A 70-year-old woman with hypertension presents after a fall. Her medications include hydrochlorothiazide. Her blood pressure is 130/70 mm/Hg, with heart rate of 86. She has normal orthostatic vital signs. Her mucus membranes are moist and she has no jugular venous distension, edema, or ascites. Her plasma sodium (PNa) is 125 mmol/L, potassium 3.6 mmol/L, blood urea nitrogen (BUN) 30 mg/dL, and creatinine 0.8 mg/dL. Additional labs include serum thyroid stimulating hormone 1.12 mIU/L, cortisol 15 mcg/dL, serum osmolality 270 mOsm/kg, uric acid 4 mg/dL, urine osmolality 300 mOsm/kg, urine sodium (UNa) 40 mmol/L, fractional excretion of sodium 1.0%, and fractional excretion of urate (FEUrate) 13%. She receives 2 L isotonic saline intravenously over 24 hours, with resulting PNa of 127.
What is the cause of her hyponatremia, and how should her hyponatremia be managed?
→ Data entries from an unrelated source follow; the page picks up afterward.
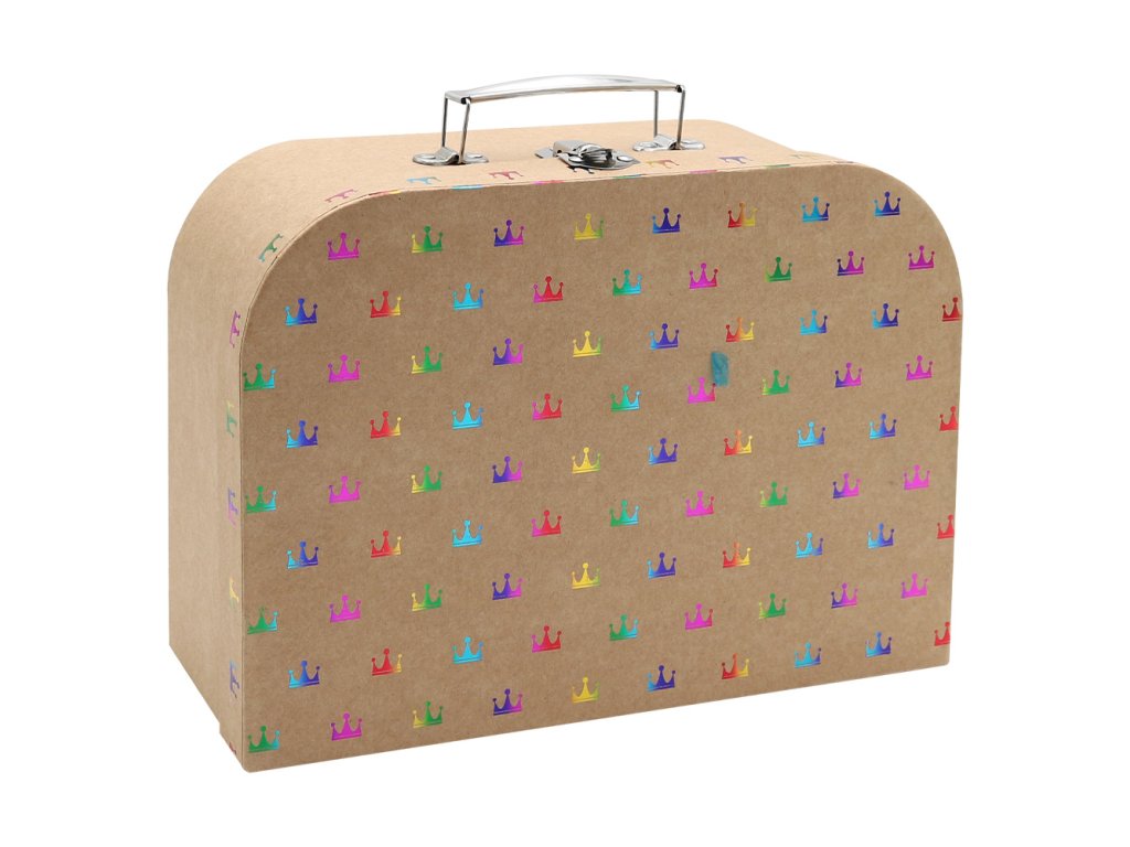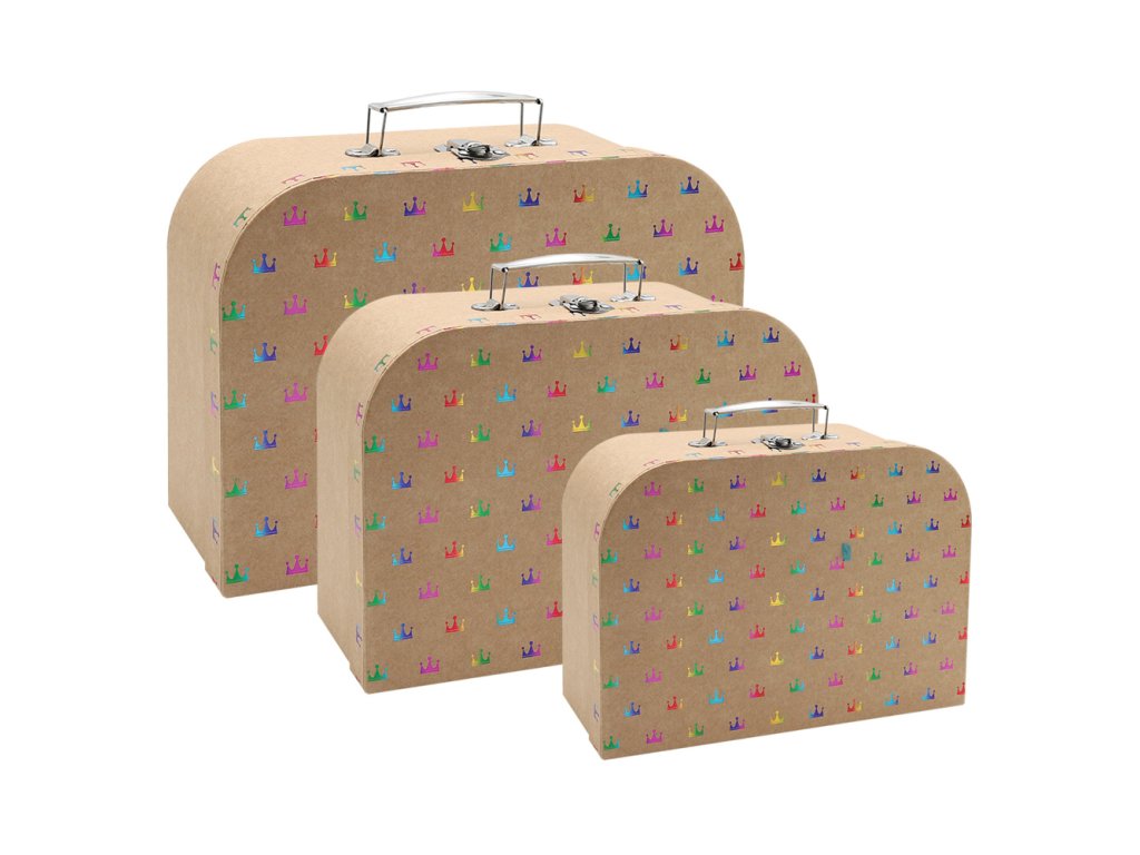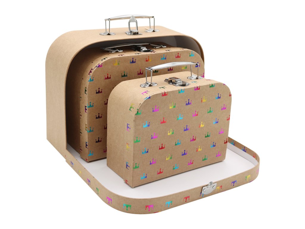 Sada tří dětských kufříků z pevného kartonu a kovovým kováním (motiv korunky).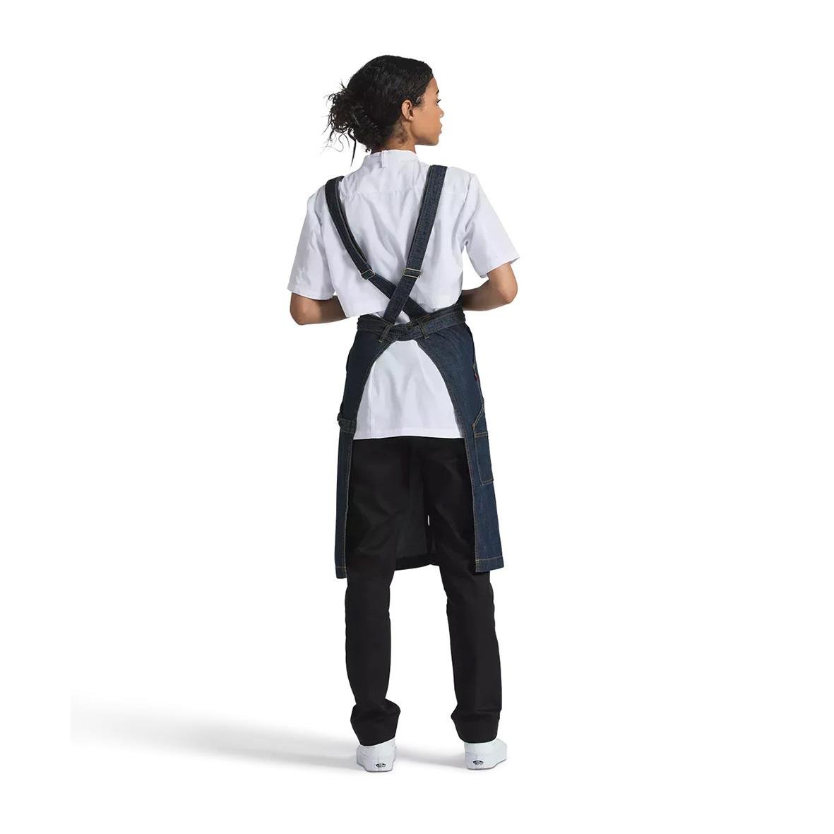 Snickarförkläde Segers 4092 72x98 Mörkblå one size. Bröstlappsförkläde i snickarbyxstil. Lite kraftigare bröstlappsförkläde med många användbara fickor och detaljer. Slitstarkt tyg och markerade stickningar. Slits fram för bra passform. Kors i ryggen ge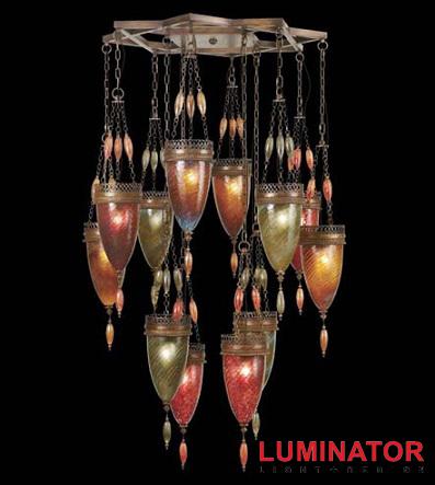 Подвесной светильник. Коллекция Scheherazade выполнена в восточном стиле. Светильники изготовлены из бронзы темного цвета, плафон выполнен из высококачественного стекла ручной выдувки различных оттенков: красный, синий, зеленый или янтарный.

Hyponatremia is one of the most common electrolyte abnormalities; it has a prevalence as high as 30% upon admission to the hospital.1 Hyponatremia is important clinically because of its high risk of mortality in the acute and symptomatic setting, and the risk of central pontine myelinolysis (CPM), or death with too rapid correction.2 Even so-called “asymptomatic” mild hyponatremia is associated with increased falls and impairments in gait and attention in the elderly.3
Hyponatremia is a state of excess water compared with the amount of solute in the extracellular fluid. To aid in diagnosing the etiology of hypotonic hyponatremia, the differential is traditionally divided into categories based on extracellular fluid volume (ECV) status, as shown in Table 1 (below), with syndrome of inappropriate antidiuretic hormone secretion (SIADH) being the most common cause of euvolemic hyponatremia.2 However, data show that clinical determination of volume status is often flawed,4 and an algorithmic approach to diagnosis and treatment yields improved results.5
Review of the Data
Diagnosis of SIADH. The original diagnostic criteria for SIADH, with minor modifications, are presented in Table 2, page 18).6,7,8 However, applying these criteria in clinical settings presents several difficulties, most notably a determination of ECV. The gold standard for assessing ECV status is by radioisotope, which is not practically feasible.9 Therefore, clinicians must rely on surrogate clinical markers of ECV (orthostatic hypotension, skin turgor, mucus membrane dryness, central venous pressure, BUN, BUN-creatinine ratio, and serum uric acid levels), which lack both sensitivity and specificity.4 Astoundingly, clinical assessment of ECV has been demonstrated to be accurate only 50% of the time when differentiating euvolemic patients from those with hypovolemia.4
Another challenge lies in the interpretation of UNa, which frequently is used as a surrogate for extra-arterial blood volume (EABV) status.10 Unfortunately, in the setting of diuretic use, UNa becomes inaccurate. The FEUrate, however, is unaffected by diuretic use and can be helpful in distinguishing between etiologies of hyponatremia with UNa greater than 30 mmol/L.11 The FEUrate is about 10% in normal euvolemic subjects and is reduced (usually <8%) in patients with low effective arterial blood volume.11,12 A trial of 86 patients demonstrated that a FEUrate of 12% had a specificity and positive predictive value of 100% in accurately identifying SIADH from diuretic-induced hyponatremia in patients on diuretics.11,12 Therefore, the UNa is a valid marker of EABV status when patients are not on diuretics; however, the FEUrate should be used in the setting of diuretic use.